Ablation Study - Teacher Objective Analysis

teacher

The authors compare the VQ-KD performance with DINO and CLIP as teacher models:

  • When DINO is used as the teacher, BEiT v2 achieves 84.4% on ImageNet and 49.2% on ADE20K, both significantly outperforming the original DINO model.
  • When CLIP is used as the teacher, BEiT v2 continues to improve, demonstrating the scalability of VQ-KD.

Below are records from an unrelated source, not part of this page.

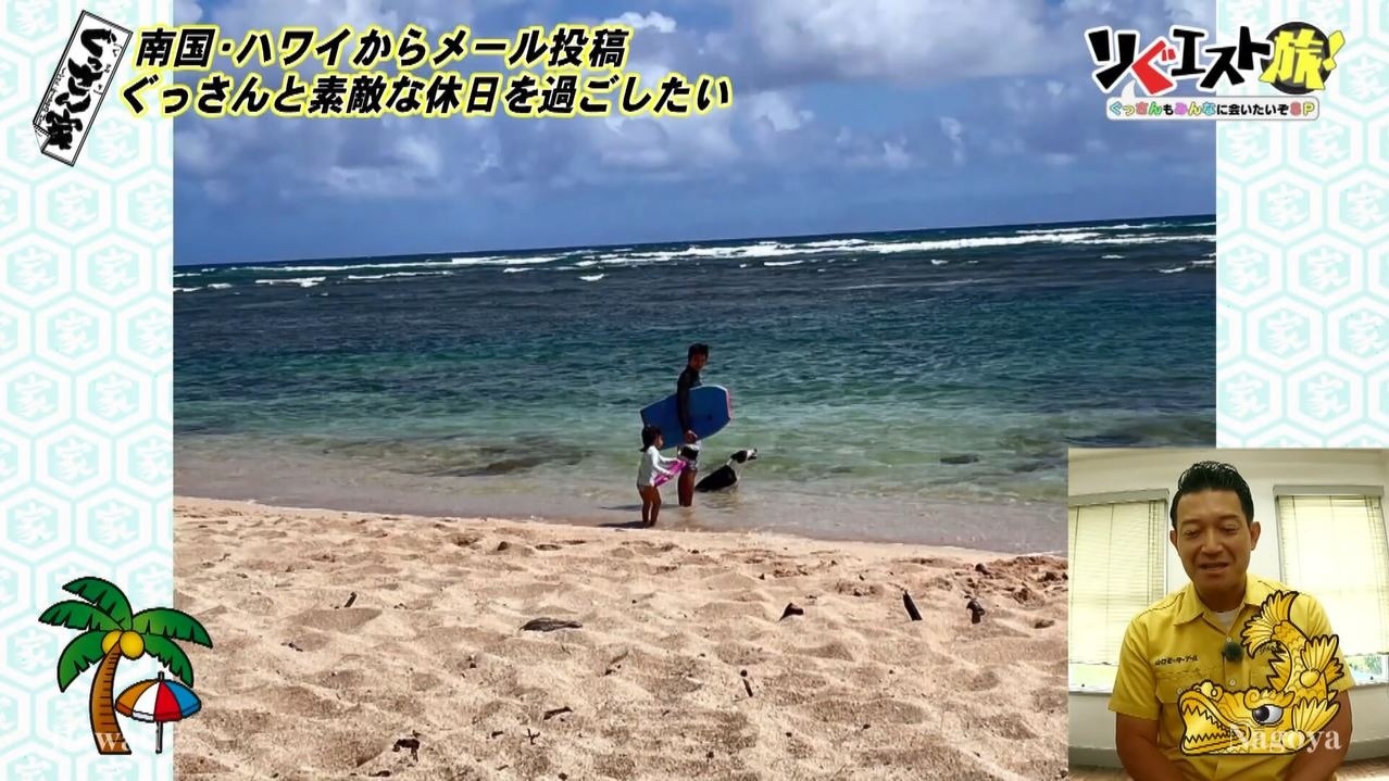 写真には千恵美さんの家族も登場し「うわ!なんかすごいハワイのビーチの理想の家族というか…最高じゃないですか!」と感激!海を越えたハッピーサプライズも大成功!ぐっさんのことが大好きな皆さんから、たくさんの愛と元気をもらったぐっさんでした。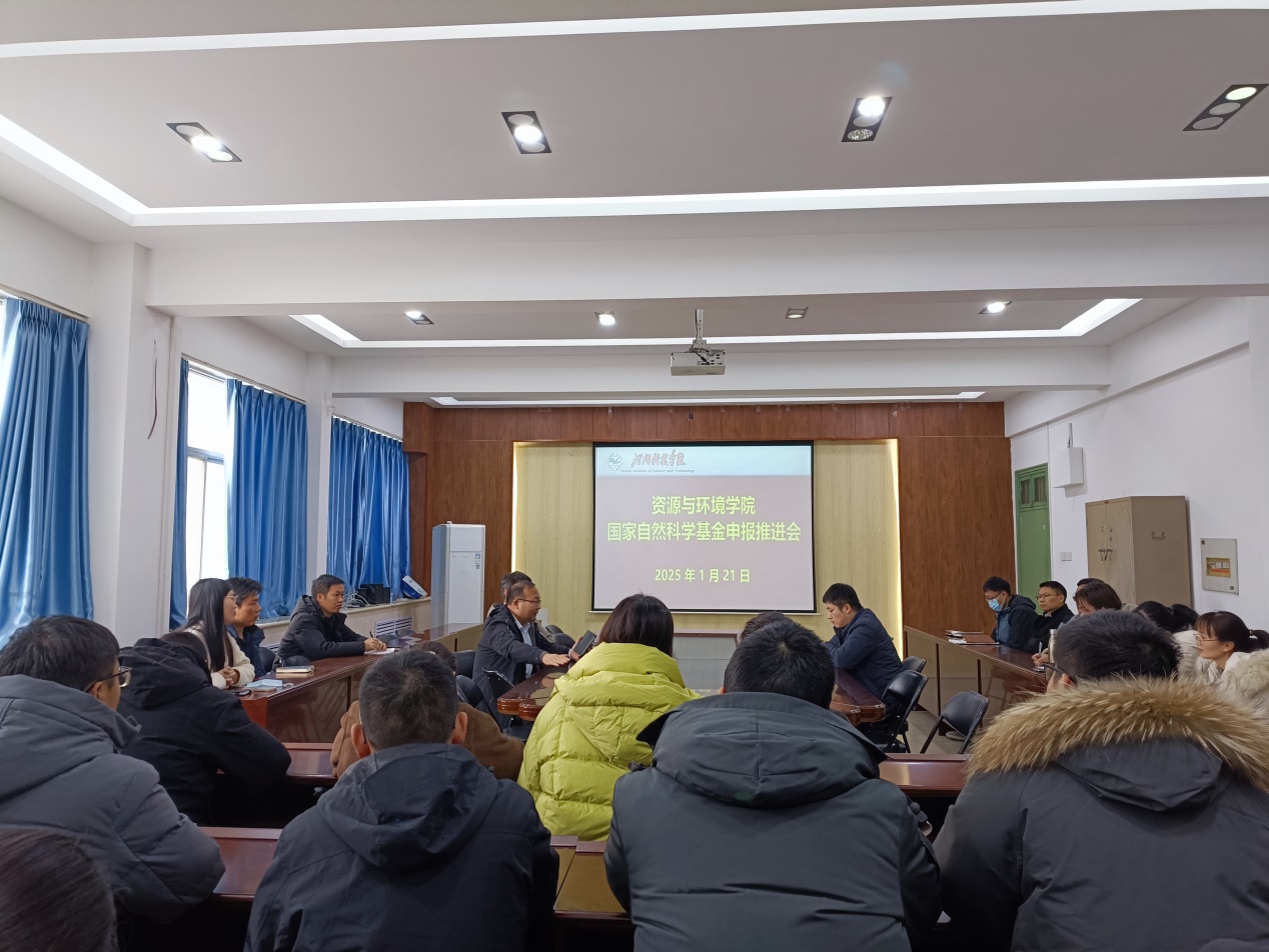 1月21日,资源与环境学院在实验楼E307会议室召开国家自然科学基金申报推进会,会议由院党委书记王鲁伟主持,院长刘润强、副院长王国昌、学术副院长周锋及学院申报基金的教师参加。
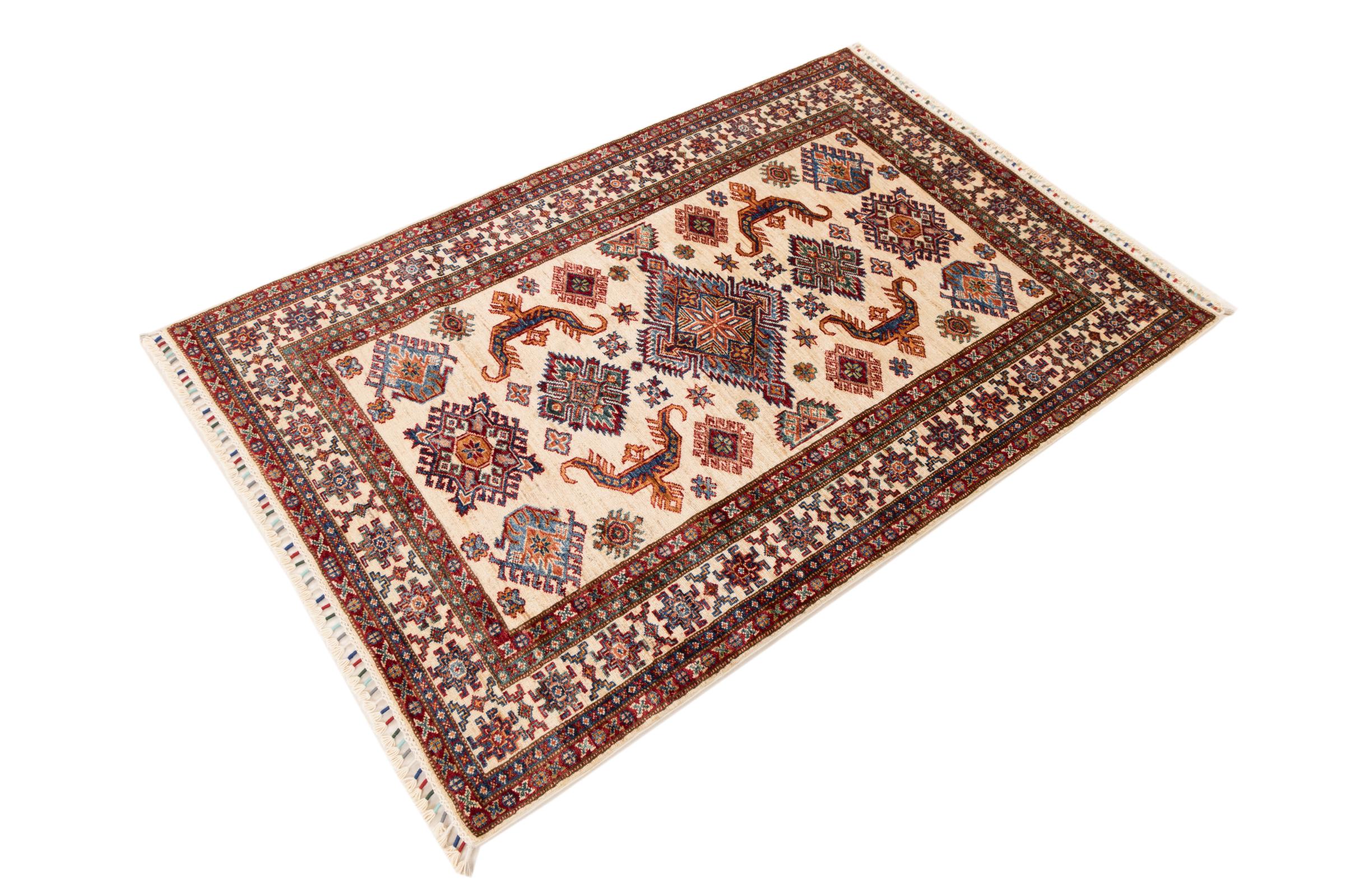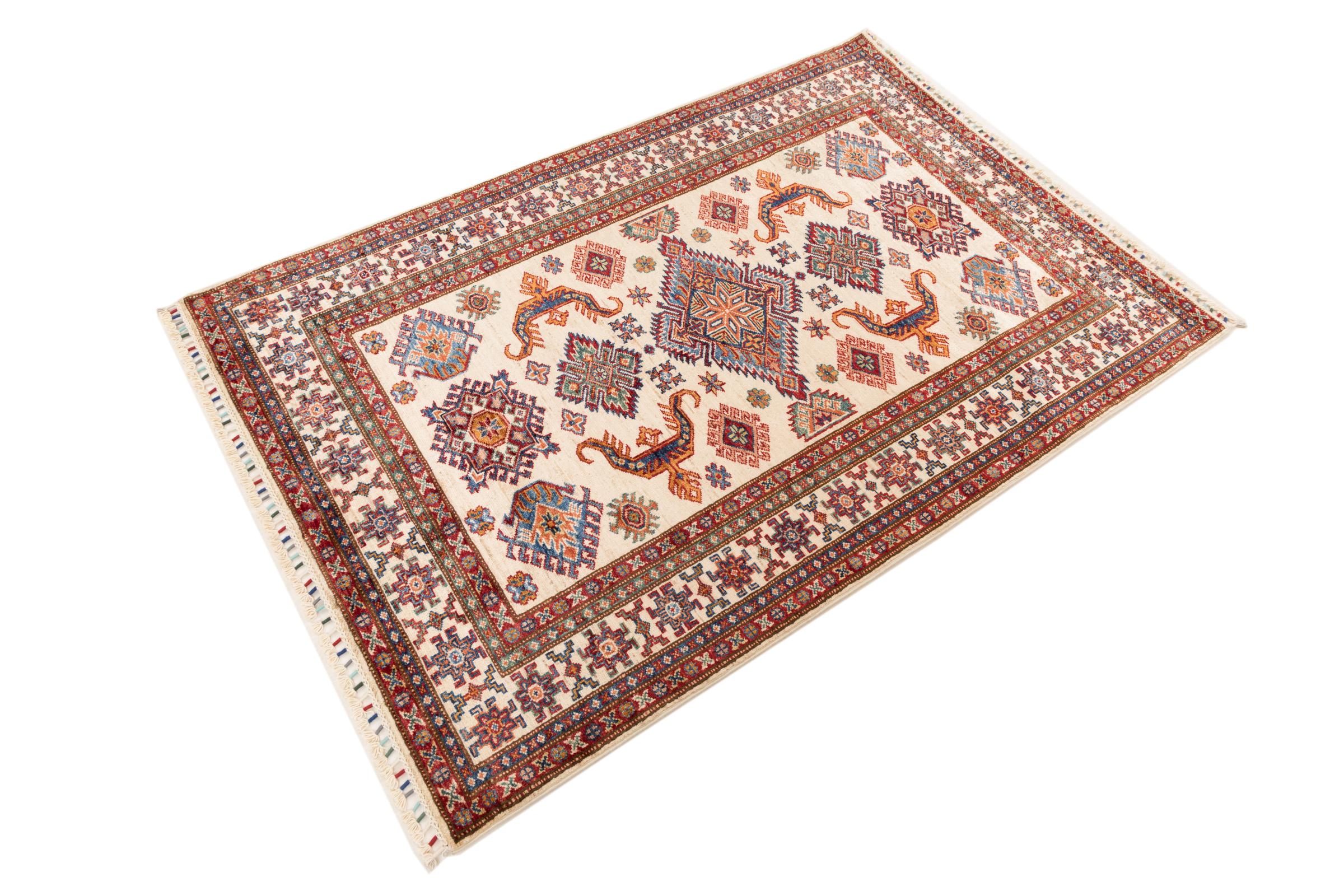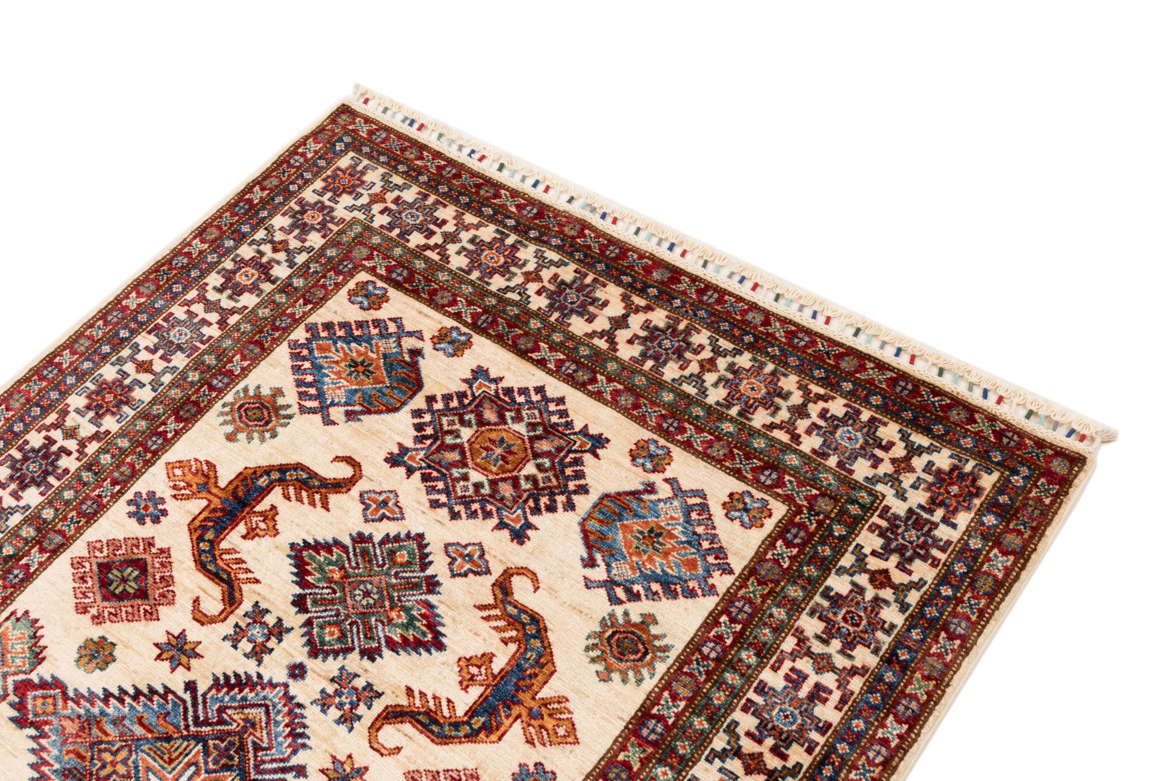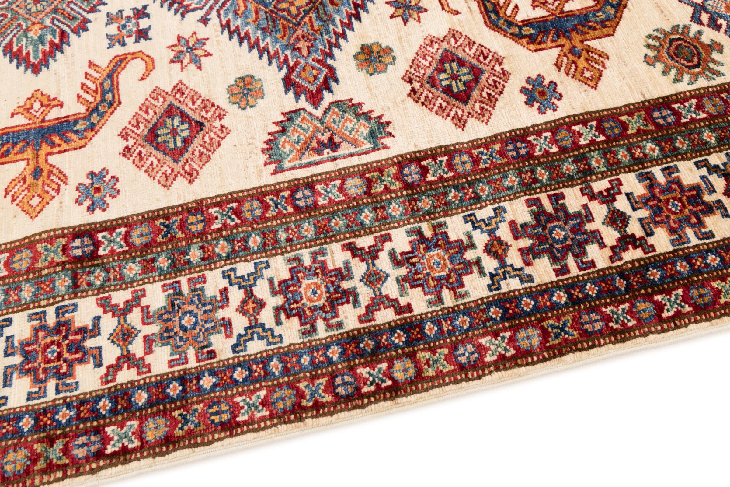 Kazak-vloerkleden zijn duurzame, levendige wollen vloerkleden die bekend staan om hun unieke geometrische patronen, uitgebalanceerde kleuren en uitzonderlijk vakmanschap. Ze zullen een boeiende en cultureel rijke sfeer in uw ruimte creëren. Oorspronkelijk afkomstig uit de Kaukasus en een van de oudste soorten tapijten, worden ze nu voornamelijk gemaakt door Kazachen in Afghanistan en Pakistan. Een antiek Kazachs tapijt kan zeer waardevol zijn voor verzamelaars.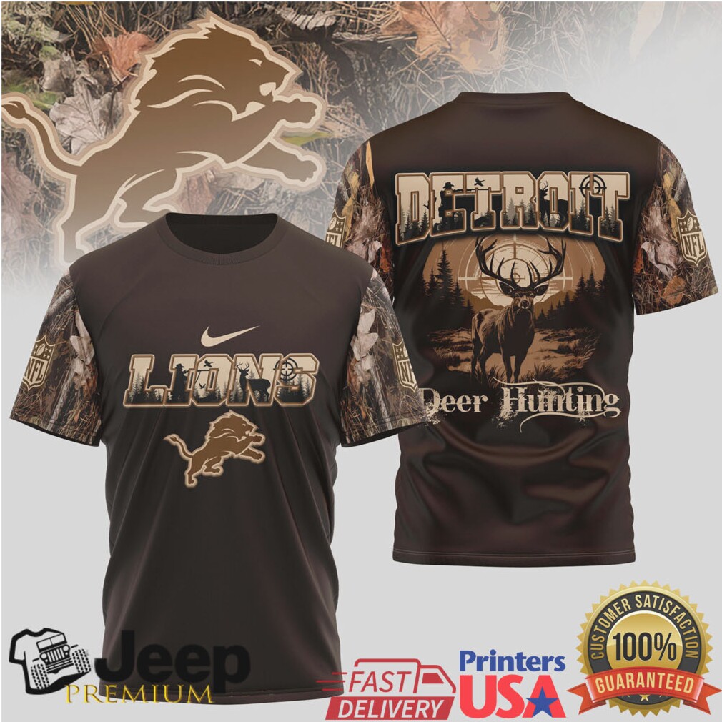 (Detroit Lions Deer Hunting Camo 3D All Over Print T Shirt)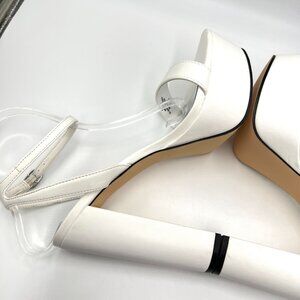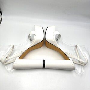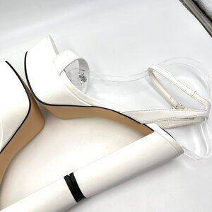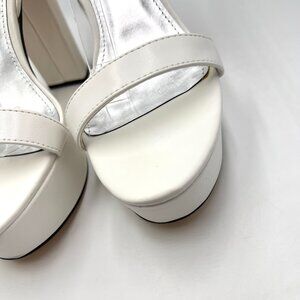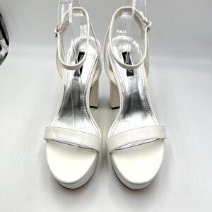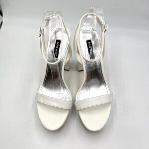 Nine West Size 8.5 Uknow White Faux Vegan Leather Platform Sandals Heels Shoes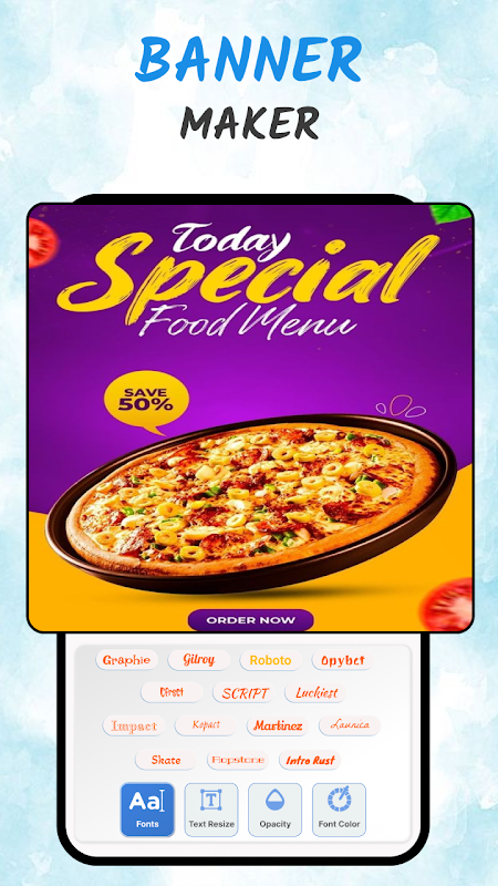 ビジネスチラシ 、 アートメーカー 、および 広告デザインアプリ には、ユーザーフレンドリーなインターフェイス、ドラッグアンドドロップ機能、基本的なテキスト編集ツールがあり、直感的で簡単に使用できるように設計されています。 チラシメーカー アプリケーションは、 インフォグラフィックデザインメーカー の専門知識のレベルに関係なく、目立つ チラシ を作成するのに役立つ理想的なツールです。 フライヤー ポスター の デザイン メーカー アプリ を使用して、カスタマイズ可能なテンプレートでプロ並みのポスター ボードや フライヤー を簡単に作成できます。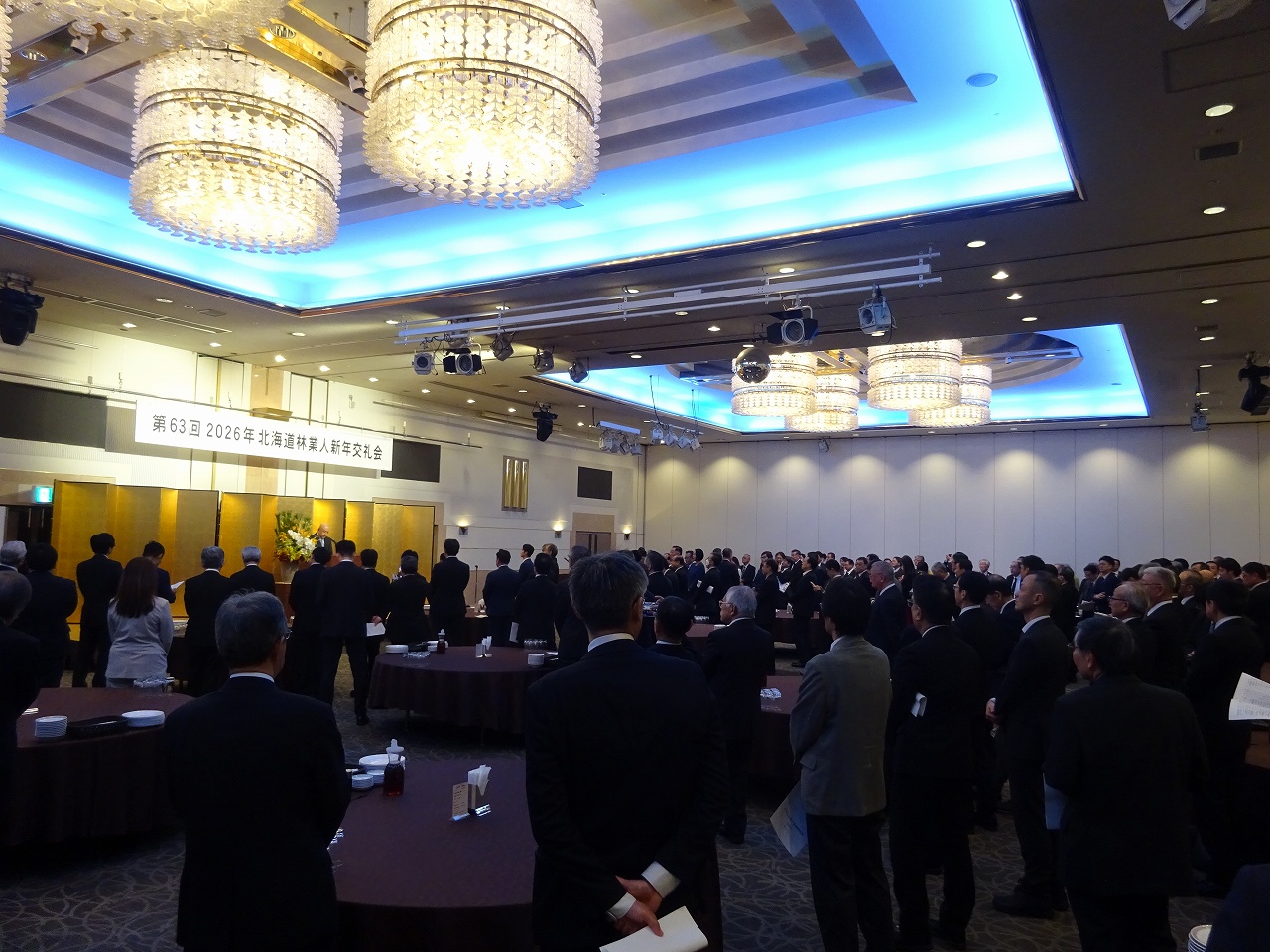 第63回 北海道林業人新年交礼会 2026年1月19日 最終更新日時 : 2026年1月19日 asamoku令和8年1月14日「令和8年 第63回『北海道林業人新年交礼会』」がポールスター札幌で開催されました。全道各地から森林・林業に関係する団体から多数の出席がありました。道木連 三津橋会長の年頭あいさつに続き、鈴木知事、北海道森林管理局 関口局長など多くのご来賓の祝辞をいただき2026年がスタート致しました。

The gray text in the table indicates the results of fine-tuning the VQ-KD encoder directly on ImageNet. It can be observed that its transfer ability is weaker than the teacher model. However, after adding MIM pretraining, the model surpasses both the teacher and the tokenizer encoder, confirming the advantage of this self-supervised learning method.

Codebook Visualization

codebook

Finally, let’s look at the visualization of the codebook.

The authors use VQ-KD to calculate the discrete codes on the ImageNet-1k validation set, clustering image patches that share the same code together. It can be observed that patches under the same code exhibit similar semantic features. For example, code 7856 corresponds to patches related to "eyes," including eyes of people, cats, dogs, fish, and snakes.

Conclusion

The concept of the codebook is very appealing.

From the current research trends, the codebook is not only useful for image tokenization, helping to train higher-quality visual tokenizers and MIM pretraining, but it is also seen as a powerful method to bridge the multimodal domain. Additionally, by using discrete codes as intermediates, models can directly extract semantic features from large amounts of unlabeled data, reducing reliance on large-scale manual annotations. Domains lacking annotated data might be able to apply the codebook method for self-supervised learning.

Overall, this paper improves BEiT’s pretraining process with VQ-KD, successfully advancing MIM to a higher level of semantic understanding. The patch aggregation mechanism proposed by the authors allows the model to aggregate global information, narrowing the gap between pretraining objectives and downstream applications.